La restauration de la colline de Féri-Féri, un exemple de GRCBC durable réussie

Mon Article publié par le GNDR

Dans cet article, Ibra Cassis, Chargé de communication d’ENDA Energie Sénégal revient sur le tout premier échange d’apprentissage qui eut lieu fin Juillet au Niger dans le cadre du projet « Institutionnaliser une GRCBC durable « . Les participants ont rencontré  des membres de la communauté de Tillabéri dans le but d’apprendre comment, en deux décennies, ceux-ci ont restauré la colline de Féri Féri.  

Inscrites parmi les activités prioritaires de la deuxième année du projet d’Institutionnalisation de la Gestion des risques de catastrophe à base communautaire (GRCBC) du réseau GNDR, les visites d’échanges démarrées le 24 juillet 2018 au Niger, ont permis à un groupe de membres venus du Sénégal, Burkina Faso et Niger de découvrir une initiative communautaire en GRCBC, une étude de cas réussie, située à 114 km de Niamey. En 1998, le groupement ADPE Bonferey a pris la décision de protéger et de restaurer la colline de Féri-Féri et ses versants qui déversent des eaux de ruissellement dans le quartier périphérique de la commune urbaine de Tillabéri. L’objectif de départ de transformer 77 hectares de terres rocheuses semblait ambitieux, aujourd’hui le groupement a réussià reverdir cette zone avec 45 000 arbres plantés en deux décennies.

Choisi parmi les 25 meilleures études de cas en Gestion des Risques de Catastrophe à base communautaire en Afrique à l’issue d’un appel à proposition dans le cadre du projet d’ « Institutionnalisation d’une GRCBC durable», ce projet communautaire du groupement ADPE Bonferey est un véritable cas d’école dans la gestion effective des risques de catastrophe.Avec 10 hectares de demi-lunes forestières et 10 000 mètres linéaires de cordons pierreux, ce périmètre aménagé afin de résoudre les problèmes environnementaux de la localité, a aussi contribué à la création d’emplois verts grâce à la gestion intégrée des ressources agrosylvo-pastorales. En plus des revenus tirés de l’exploitation de sa pépinière, le groupement Bonferey parvient à écouler chaque année des tonnes de paille sèche au grand bonheur des éleveurs de cette zone qui ont du mal à subvenir aux besoins alimentaires de leur bétail.

La visite d’échange d’expériences organisée par GNDR au profit des praticiens venus du Niger, du Burkina et du Sénégal, a permis de comprendre que c’estl’ engagement et la détermination des communautés locales qui sous-tendent la durabilité de cette initiative. Ce groupement qui est parvenu à clôturer 40 hectares sur les 77 disponibles a besoin de soutien technique afin de faire de cette protection de l’environnement, un levier économique, favorisant la création d’activités génératrices de revenus (AGR) assurant ainsi la motivation des femmes et des jeunes qui font preuve d’un engagement sans faille.

Les échanges ont témoigné d’un certain nombre de difficultés telles que l’absence de points d’eau, la vétusté des ouvrages antiérosifs et l’inadéquation de la clôture existante.
Cette organisation locale qui travaille sans relâche depuis 20 ans à la restauration de la colline de Féri-Féri a une vision claire de la Gestion des Risques de catastrophe à base communautaire. Cependant elle a besoin d’être accompagnée, et d’avoir l’opportunité de communiquer cette initiative au plus grand nombre, constituant une étude de cas réussie méritant d’être institutionnalisé.

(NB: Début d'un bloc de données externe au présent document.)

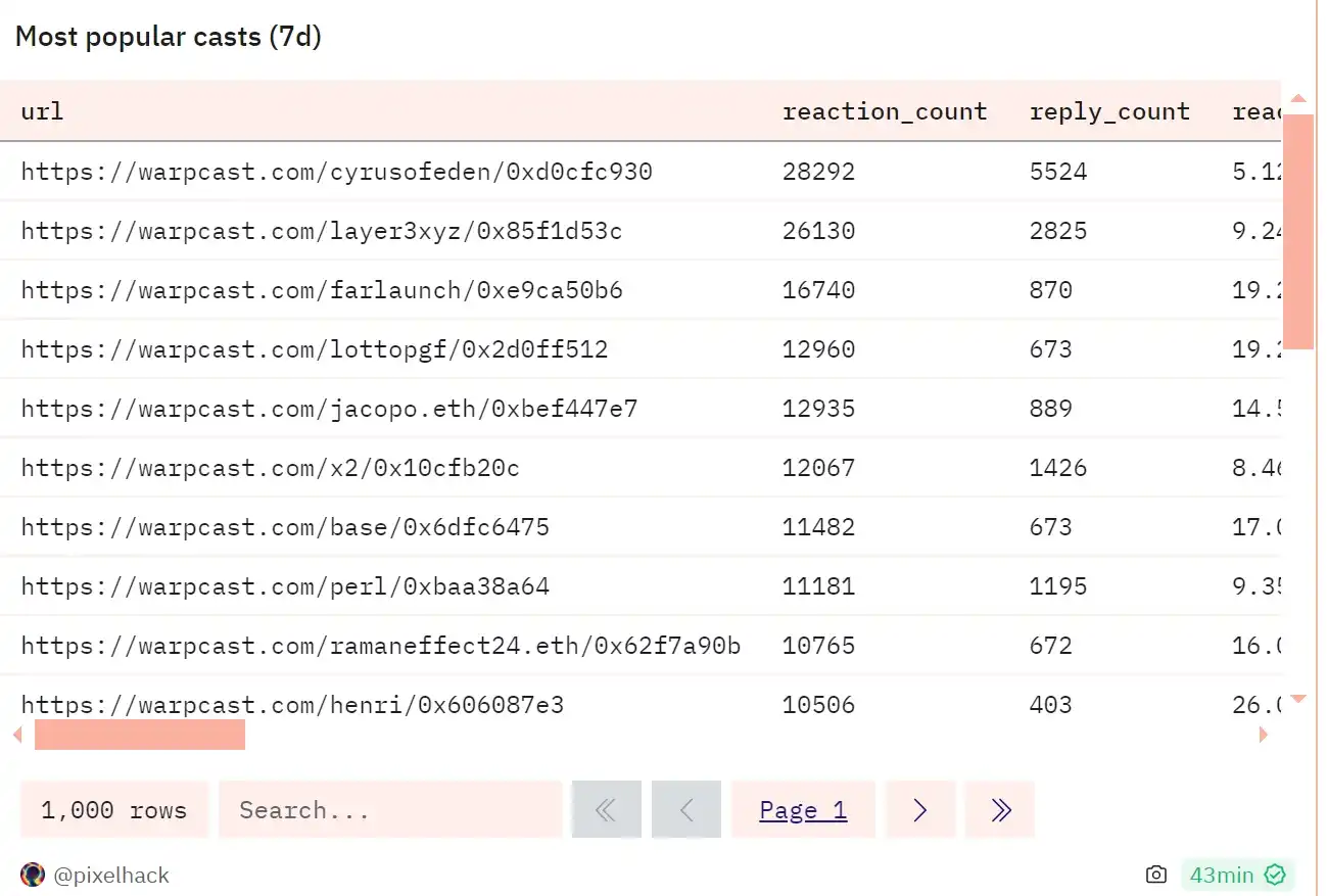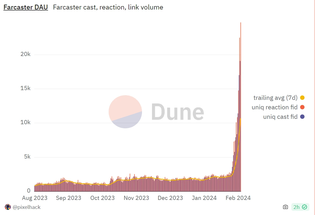 该功能的推出使 Farcaster 的 DAU(每日活跃用户量)激增,从 1 月 26 日开始,不断突破新高。下图是 pixelhack 整理的 DUNE 数据仪表盘。
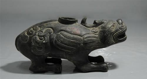 铜器为一瑞兽。四足坐卧,眼睛正视,张口呈吼状。给人威严、肃立之感。
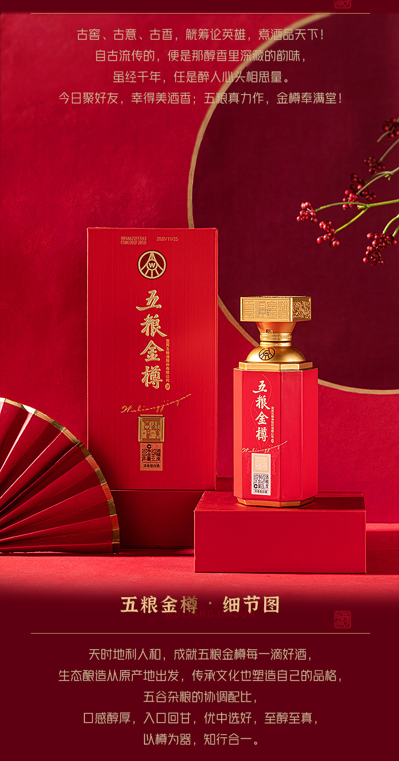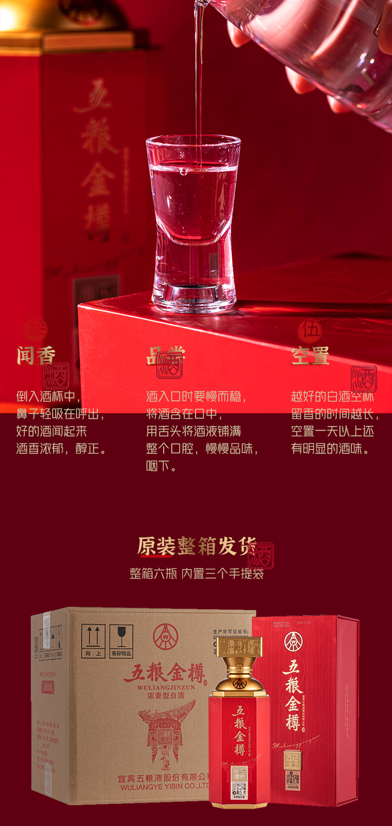 五粮液(WULIANGYE) 五粮金樽 红樽 52度浓香型白酒 礼盒装纯粮食酒 500ml*6瓶 整箱

Toutes ces initiatives locales constituant des réponses innovantes face aux situations climatiques extrêmes devraient être intégrées dans les politiques publiques en RRC au niveau national. C’est d’ailleurs ce qu’a compris l’Etat nigérien qui a lancé en 2016, un ministère de l’action humanitaire et de la gestion des risques de catastrophes. Rencontré dans le cadre de notre visite d’échanges au Niger, le ministre Laouan Magagi en charge de ces questions, a rappelé que « les organisations de la société civile et le secteur privé sont des partenaires clefs qui ont été inclus à notre plateforme nationale dédiée à la réduction des risques de catastrophe ». Ce pays qui perd chaque année 40 milliards depuis quarante ans, a un gouvernement qui souhaite apporter une réponse efficiente aux catastrophes climatiques extrêmes, et semble conscient du rôle que les autorités doivent jouer afin d’encourager et pérenniser les efforts des communautés locales.